Since m||n then we know that their are angle pairs that exist to make equality statements.

`/_3 and/_5` are known as either same-side interior angles or consecutive interior angles.  When lines are parallel, same-side interior angles together = 180˚.  This makes the equation:

`(6x + y) + (8x + 2y) = 180`

`14x + 3y = 180`

We also know that `/_5 and/_6`  form a linear pair which,  together, must equal 180˚. This makes the equation:

`(8x + 2y) + (4x + 7y) = 180`

`12x + 9y = 180`

Now that we have a system of equations, we can solve for x and y.  This case I will use the elimination method.

i.) 14x + 3y = 180

ii.) 12x + 9y = 180

Multiply equation (i.) by -3 to obtain the coefficient -9 which will be opposite of 9 in eqution ii.

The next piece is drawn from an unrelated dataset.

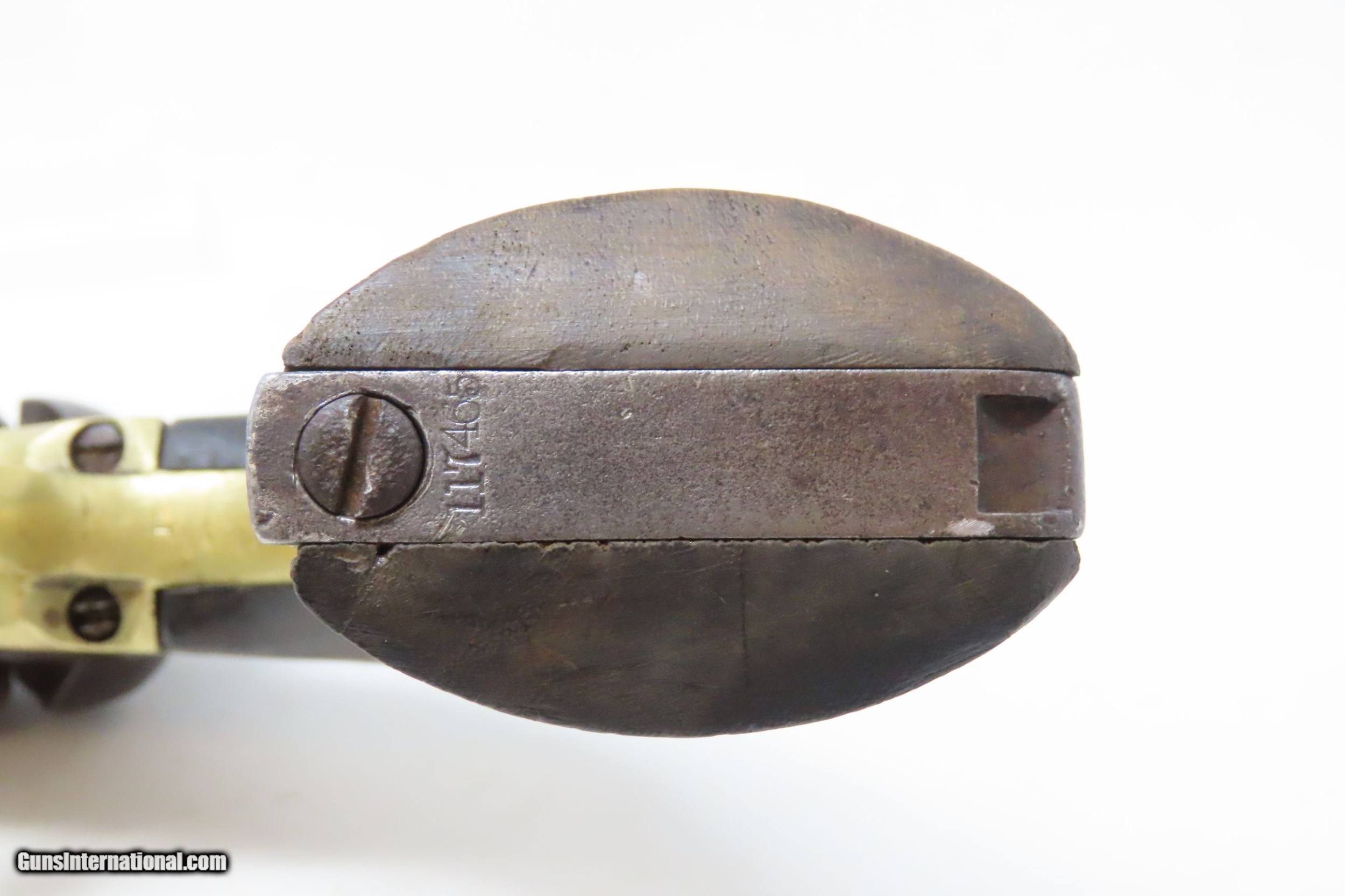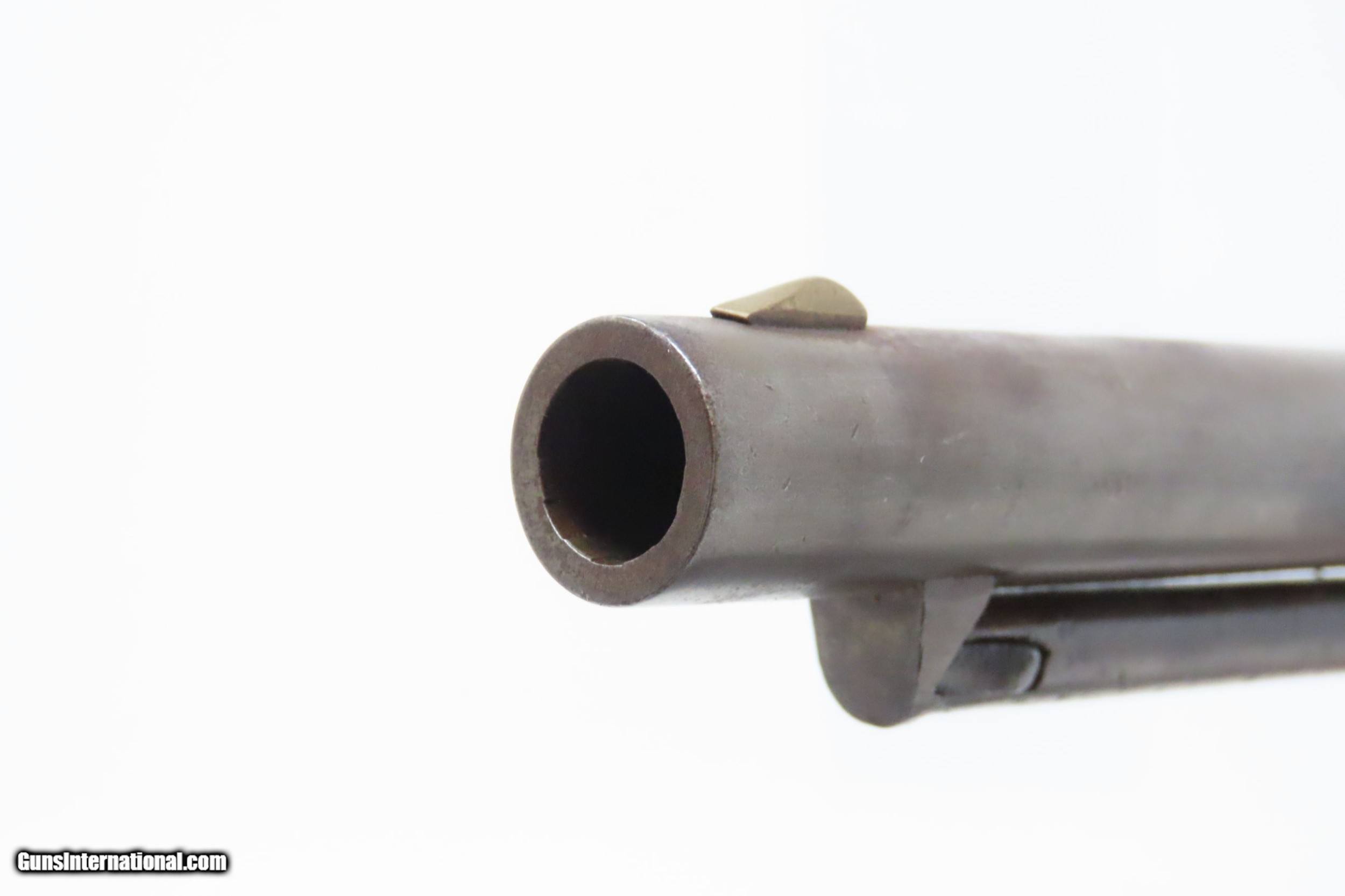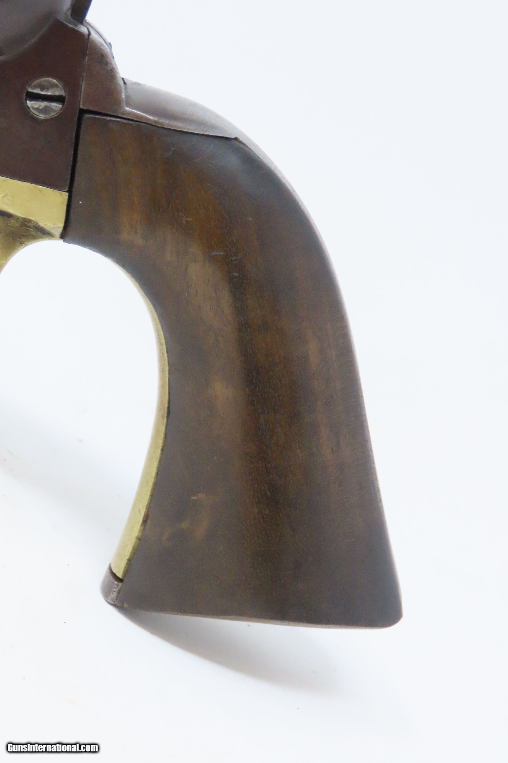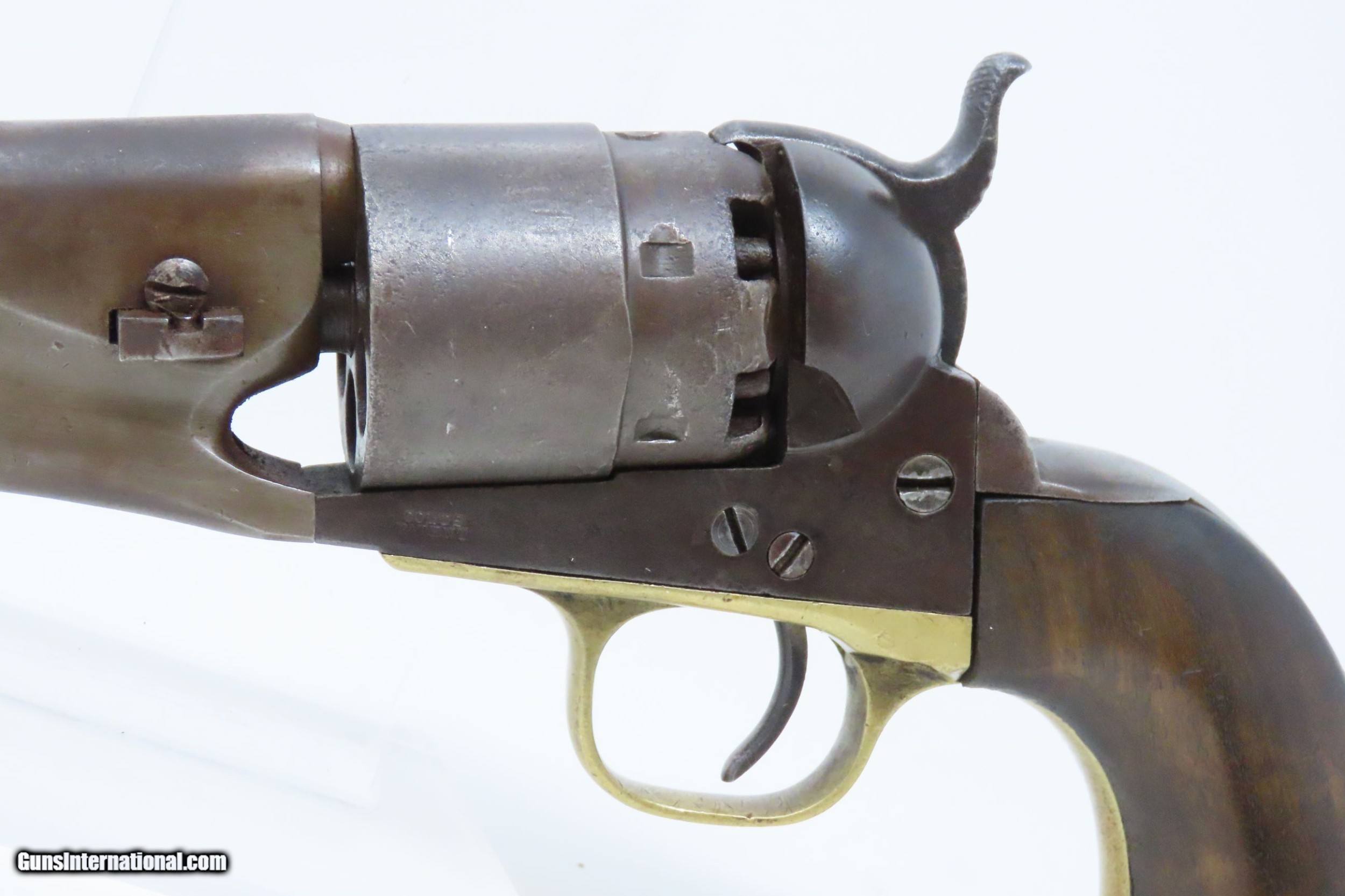 Description: c1863 CIVIL WAR COLT U.S. Model 1860 ARMY .44 Caliber Percussion REVOLVER Iconic Sidearm of the Union Cavalry Here we present an antique Colt U.S. Model 1860 Army Percussion Revolver, made in 1863 in Hartford, Connecticut. The 1860 Army was the single most used pistol of the American Civil War. Over 200,000 were made from 1860 to 1873, and 156,000 of those were made by the end of the war in 1865. These were excellent sidearms for officers, cavalry, infantry, and artillery troops. The 1860 Army was Samuel Colt’s finest achievement to that point, having finally developed a large caliber revolver that weighed about 2 lbs. 10 oz. to the famous Dragoon’s 4 lbs. 4 oz., and was adopted en masse by the U.S. government with huge contracts. The revolver was well balanced in hand and had a long enough barrel to be effective when utilized as a carbine with the attachable shoulder stock. This revolver represented unprecedented firepower from a handgun in the field at the time and was especially suited to Cavalry. The Confederacy, lacking in manufacturing capabilities though they were, managed to produce limited numbers of copies, and battlefield pickups of the 1860 Army were highly coveted. The 1860 Army went on to serve the U.S. military even after the Civil War and into the Indian Wars, until production of Colt’s 1873 Single Action Army created new waves in the revolver market, and again achieved great success in the military and commercial markets. Strong action. The barrel is a reproduction replacement. Bore is reflective with nice rifling. The rammer has very little range of motion. The numbers have been force-matched on the barrel and attempted on the cylinder (although the last two numbers were inverted). Grip is a solid replacement. Barrel is 8 inches. Caliber: .44 Percussion Overall condition as seen in photos. Very Fast. Very Safe. FREE SHIPPING WORLDWIDE. Delivered directly to your door by express mail! ancestryguns $1800 #217786 SOLD Antique: Yes |

`-3(14x + 3y=180) rArr -42x -9y = -540`

Add the new equation to equation ii.

` -42x - 9y = -540`

` 12x + 9y = 180 `

`-30x = -360`

`x = 12`

Substitute to find y.

`12(12) + 9y = 180 `

`144 + 9y = 180 `

`9y = 36 `

`y = 4`

x = 12 and y = 4

To find `/_7` , we know that `/_6 and/_7`  are equal because all vetical angles are equal.

Therefore,`/_6` is 4x + 7y = 4(12) + 7(4) = 48 + 28 = 76.

`/_7` is also 76˚

The solution for the given problem is x = 12, y = 4, and `/_7` = 76˚.